This new tech addresses a major problem with nuclear power. Spent nuclear fuel keeps piling up. Their study was published in Nature. It outlines how this approach could help generate clean energy for the future.
In a world increasingly looking for clean energy, nuclear power still holds major promise. However, it comes with one seriously sticky problem: radioactive waste that remains dangerous for thousands of years.
The innovation outlined in the new study is a high-tech system that utilizes powerful gamma rays, created at CERN’s Gamma Factory, to “transmute” long-lived radioactive waste into safer forms while also generating usable energy.
Nuclear fission is one of the most efficient and low-pollution power sources we have. It currently supplies about twenty-five percent of the world’s clean electricity.
But the leftover radioactive waste from the operation of nuclear reactors, particularly long-lived fission products (LLFPs), can remain dangerous for thousands of years. Safe disposal of spent nuclear fuel has become a growing challenge as nuclear power ramps up to meet clean energy goals.
The scientists are proposing a new system they call the Advanced Nuclear Energy System (ANES). It is powered by the Gamma Factory’s ultra-intense beams. These gamma rays generate a flood of neutrons that can trigger a reaction in LLFPs, transforming them into stable elements, a process called transmutation.
This reduces the long-term risk of radioactive waste and also produces thermal energy in the process.
The proposed ANES technology could generate up to five hundred megawatts of thermal power which is enough to supply its own energy needs and more. And because it doesn’t require separating isotopes beforehand, it is far more feasible than current alternatives.
What makes this discovery so revolutionary is its dual impact in handling nuclear waste. Over a twenty-year operation period, this system could reduce the effective half-life of dangerous isotopes from tens of thousands of years down to just one hundred years. That means significantly shorter cooling times and less risk for future generations.

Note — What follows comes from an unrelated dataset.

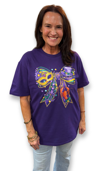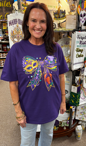 * This graphic t-shirt's design features a ribbon bow decorated with all kinds of Mardi Gras themed objects, including a gold mask, strings of beads, a top hat, and a crawfish. This top is perfect for Mardi Gras season!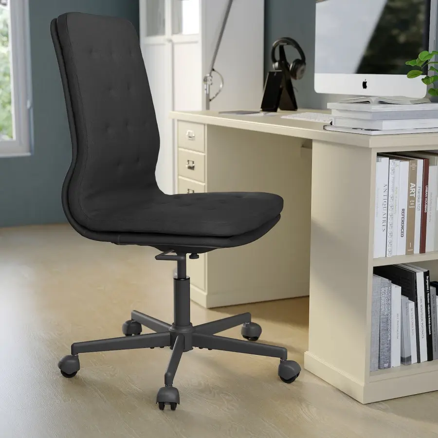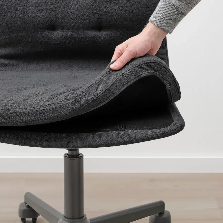 ИКЕА IKEA 10 лет гарантии. Подробнее об условиях читайте в гарантийном буклете. Подходит для использования в бизнесе. Дизайн подчеркнут слегка изогнутыми линиями, прошитыми деталями и удобным механизмом, незаметно спрятанным под сиденьем. Чехол легко содержать в чистоте, поскольку он съемный и его можно стирать в машине, а благодаря идеальной посадке он выглядит так же аккуратно, как и фиксированный чехол. Это придает традиционному чехлу теплый вид. Регулируемое по высоте сиденье позволяет регулировать высоту так, чтобы спина и ноги находились под углом 90°. Поясничная опора помогает поддерживать правильную осанку во время сидения, что снижает нагрузку на мышцы нижней части спины. Вы сидите удобно, дольше и с расслабленной осанкой. Повышенная устойчивость, поскольку функция наклона блокируется, когда спинка находится в вертикальном положении. Функция безопасности блокирует ролики, когда в кресле никого нет, и надежно удерживает его на месте, когда вы встаете. Оригинальная икея/ikea

The Gamma Factory’s photon-beam-driven system is more energy efficient than traditional proton-based methods, which require more power to operate. It still faces infrastructure and scaling challenges, but the potential is massive. This is especially true for countries looking to embrace nuclear power without inheriting a nuclear waste crisis.
This technology is still in the development stage, but the researchers are optimistic. When fully developed, this system could be deployed within a few decades, helping reduce the burden of nuclear waste while supporting clean energy production.
The problem of the storage and disposal of long lived dangerous spent nuclear fuel is one of the most important challenges of the use of nuclear power. There have been many suggestions of how to safely deal with the waste but none of them have been widely adopted.
This gamma-powered breakthrough reminds us: The cleaner future we’re dreaming of isn’t just wishful thinking, it’s already under construction.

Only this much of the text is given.